A method for physically based radiotherapy optimization with intelligent tissue weight determination

An important aspect of the intensity modulated radiotherapy (IMRT) process is that of optimizing the beam intensity profiles. Most such methods use a comparison between the defined dose distribution (including prescription dose and dose limits for critical structures) and the current distribution. The comparison may involve dose differences or dose ratios. This paper investigates four different ratio‐based methods, with a hypothetical U‐shaped target and cylindrical phantom as the test case. All methods are shown to give satisfactory results. There are differences in the dose distributions produced and these can be related to the formulation of the respective fluence‐update methods.
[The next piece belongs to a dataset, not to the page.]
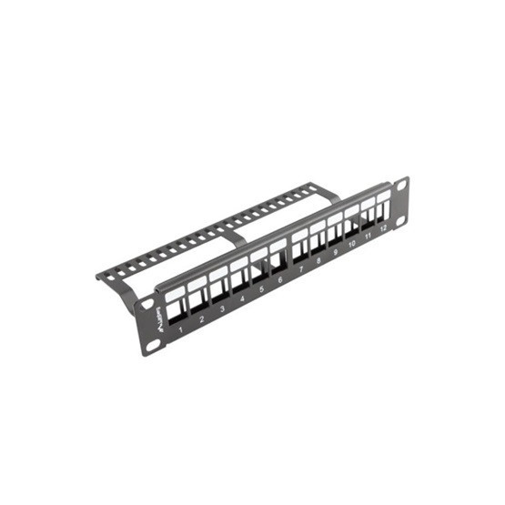 Lanberg Leeres Patchpanel 12 Port 1U 10" mit Entlastung, Schwarz

In common with other IMRT beam optimization methods the techniques used here include tissue‐weighting factors which express the relative importance of achieving the goal dose level or limit. Altering the values of these weights can improve the ability of the optimization algorithm to adhere to the goal dose levels. Typically the weights are adjusted on a “trial and error” basis until the planner is satisfied with the results. In this paper a technique for automatic updating of the weights according to the optimization results is applied to each of the four fluence update methods. With this technique the difference between the current dose level in each tissue and the specified dose constant for that tissue is used to increase the weight should the constraint not be met. It is found that the four methods yield similar results if the weights are updated in this way.